Today conservationists named nine new "biodiversity hotspots"—areas
of mind-boggling species richness that are under constant assault from
human activity. The label highlights the regions as priorities for the
world's conservation efforts.

One hotspot is a crucial stopover for migrating monarch butterflies. Another has the highest tree richness of any temperate region on the planet. And yet another is a mountain refuge for vultures, tigers, and wild water buffalo. All the newly named hotspots have lost at least 70 percent of their original natural habitat.

The announcement was made by the Washington, D.C.-based Conservation International. The nonprofit also launched Hotspots Revisited, a book detailing a four-year analysis of its global hotspot strategy for biodiversity conservation.

"The hotspots strategy really intends to pick out regions across the globe where we need to go first to be effective in saving species," said Michael Hoffmann, a biodiversity analyst with Conservation International and contributing author to Hotspots Revisited.

The organization now recognizes a total of 34 biodiversity hotspots. About half of all plant and animal species on Earth are found in the hotspots, which originally covered 15.7 percent of Earth's surface area. Only about a tenth of that original habitat remains.

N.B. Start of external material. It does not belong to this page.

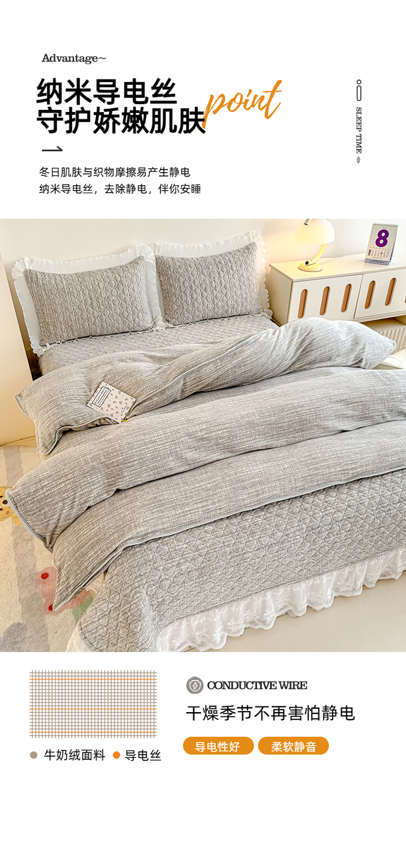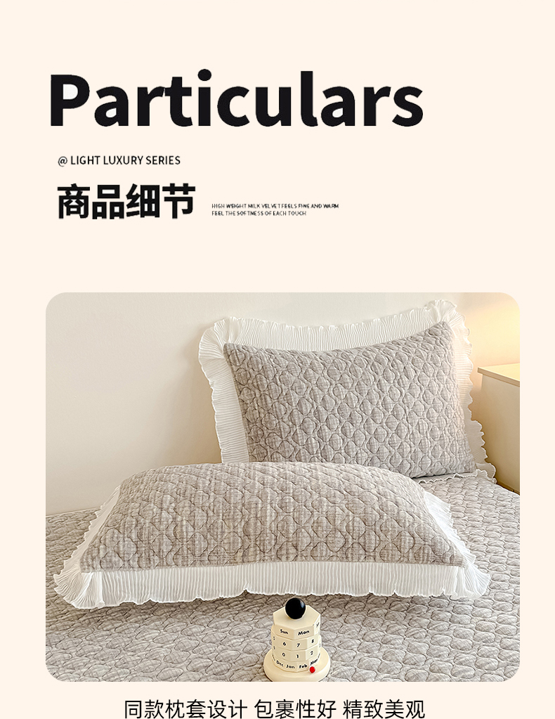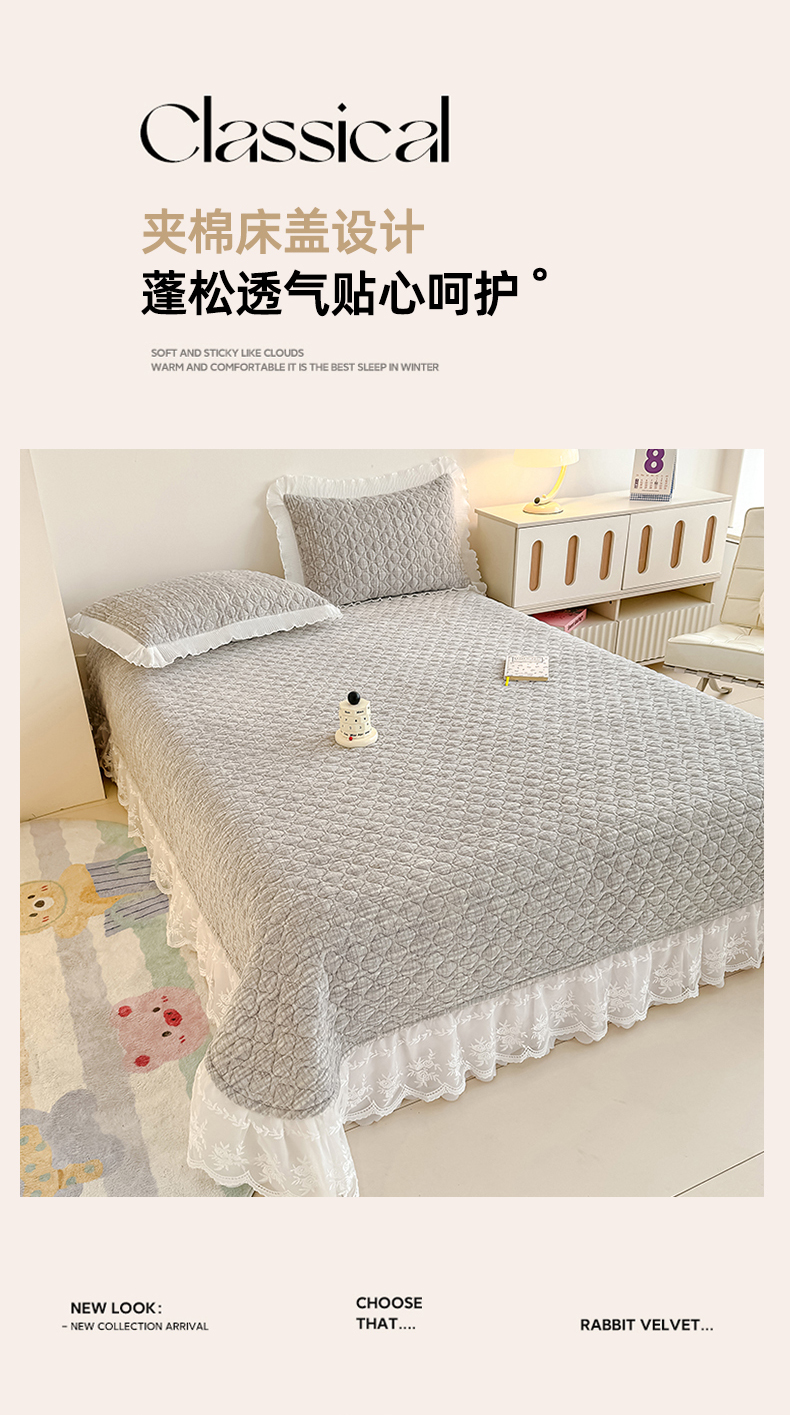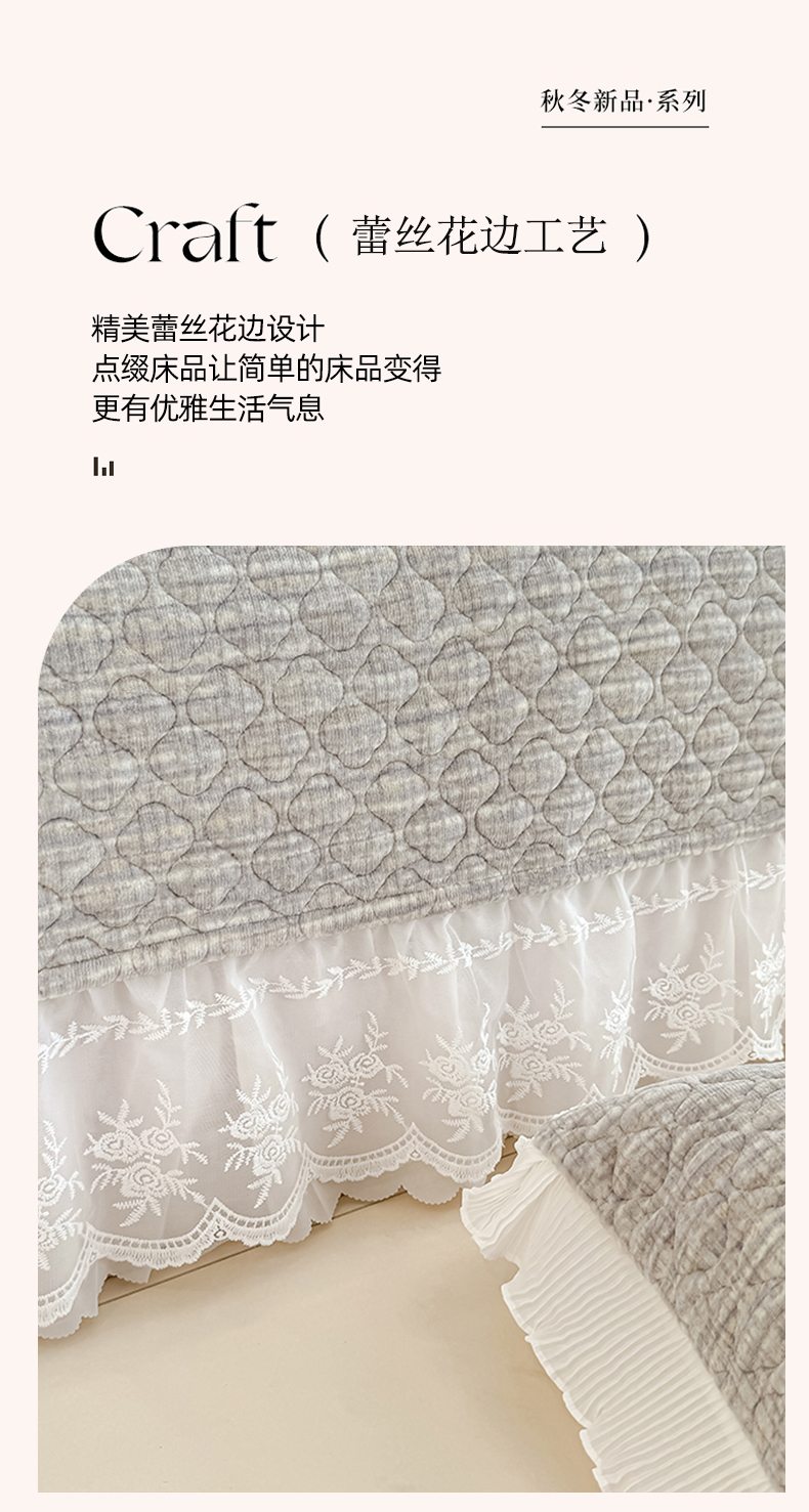 商品名称:冬然家纺 2025新款高克重牛奶绒蕾丝花边床盖系列 肌理纹-灰

The hotspots range from the African island nation of Madagascar to the Indian Ocean islands, which are home to 24 families of plants and animals found nowhere else in the world. The Madrean pine-oak woodlands, a rugged mountainous area stretching from Mexico to the southwestern United States, was also highlighted.

By focusing attention on these regions, conservationists hope to maximize their efforts at saving as many species as possible from extinction.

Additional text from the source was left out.